TASK OBJECTIVE
The entries below contain a line with "Seamless chrome counter-mount" and a line with "Guminių, su putplasčio". Retype exactly everything from the first down to the second, both included, and nothing else.

DATA FOR ANALYSIS
━━━━
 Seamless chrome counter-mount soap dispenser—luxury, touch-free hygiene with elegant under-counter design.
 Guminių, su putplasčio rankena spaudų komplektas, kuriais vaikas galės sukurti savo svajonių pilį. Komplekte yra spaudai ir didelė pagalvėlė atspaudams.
━━━━
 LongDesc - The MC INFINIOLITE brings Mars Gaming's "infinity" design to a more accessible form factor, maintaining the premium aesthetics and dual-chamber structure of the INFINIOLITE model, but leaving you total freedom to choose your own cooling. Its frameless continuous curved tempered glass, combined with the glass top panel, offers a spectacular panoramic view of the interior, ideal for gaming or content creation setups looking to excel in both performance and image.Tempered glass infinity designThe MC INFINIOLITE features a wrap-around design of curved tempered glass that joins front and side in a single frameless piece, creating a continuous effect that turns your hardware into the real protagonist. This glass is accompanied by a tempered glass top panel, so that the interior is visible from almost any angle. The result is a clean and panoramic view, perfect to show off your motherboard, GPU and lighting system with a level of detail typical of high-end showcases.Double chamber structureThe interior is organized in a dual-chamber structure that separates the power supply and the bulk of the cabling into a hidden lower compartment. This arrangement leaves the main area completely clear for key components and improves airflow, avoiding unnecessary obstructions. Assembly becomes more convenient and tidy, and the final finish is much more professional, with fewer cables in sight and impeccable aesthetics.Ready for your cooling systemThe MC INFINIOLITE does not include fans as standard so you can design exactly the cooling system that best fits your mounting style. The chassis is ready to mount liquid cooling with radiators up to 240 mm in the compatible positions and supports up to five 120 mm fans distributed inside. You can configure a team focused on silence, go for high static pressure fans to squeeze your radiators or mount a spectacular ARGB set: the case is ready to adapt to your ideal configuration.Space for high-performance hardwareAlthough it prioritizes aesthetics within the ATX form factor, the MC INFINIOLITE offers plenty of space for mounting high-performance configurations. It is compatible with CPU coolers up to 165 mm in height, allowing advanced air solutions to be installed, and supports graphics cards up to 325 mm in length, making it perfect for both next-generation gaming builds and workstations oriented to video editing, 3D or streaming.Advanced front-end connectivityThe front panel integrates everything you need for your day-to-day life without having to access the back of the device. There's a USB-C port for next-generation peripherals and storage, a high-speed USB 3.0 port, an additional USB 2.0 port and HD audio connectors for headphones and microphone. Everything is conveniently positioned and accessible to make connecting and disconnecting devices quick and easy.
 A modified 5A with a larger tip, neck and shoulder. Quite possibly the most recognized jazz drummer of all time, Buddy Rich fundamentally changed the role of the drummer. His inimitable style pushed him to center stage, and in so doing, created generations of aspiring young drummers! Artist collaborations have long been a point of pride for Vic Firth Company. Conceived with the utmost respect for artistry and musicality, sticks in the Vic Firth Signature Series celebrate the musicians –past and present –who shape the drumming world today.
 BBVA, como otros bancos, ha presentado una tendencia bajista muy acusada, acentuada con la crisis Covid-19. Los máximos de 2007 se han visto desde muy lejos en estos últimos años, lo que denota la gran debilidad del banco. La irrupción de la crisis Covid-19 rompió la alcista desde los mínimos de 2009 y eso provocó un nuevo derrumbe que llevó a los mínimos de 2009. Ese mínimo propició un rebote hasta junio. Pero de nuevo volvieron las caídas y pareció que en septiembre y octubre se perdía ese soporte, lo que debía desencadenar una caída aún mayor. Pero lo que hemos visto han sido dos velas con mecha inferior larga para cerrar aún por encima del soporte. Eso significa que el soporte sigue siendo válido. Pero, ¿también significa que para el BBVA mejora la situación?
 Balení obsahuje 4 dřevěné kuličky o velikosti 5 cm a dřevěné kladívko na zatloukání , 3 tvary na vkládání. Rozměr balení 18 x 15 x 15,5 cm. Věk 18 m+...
━━━━
WRITTEN SOLUTION
 Seamless chrome counter-mount soap dispenser—luxury, touch-free hygiene with elegant under-counter design.
 Guminių, su putplasčio rankena spaudų komplektas, kuriais vaikas galės sukurti savo svajonių pilį. Komplekte yra spaudai ir didelė pagalvėlė atspaudams.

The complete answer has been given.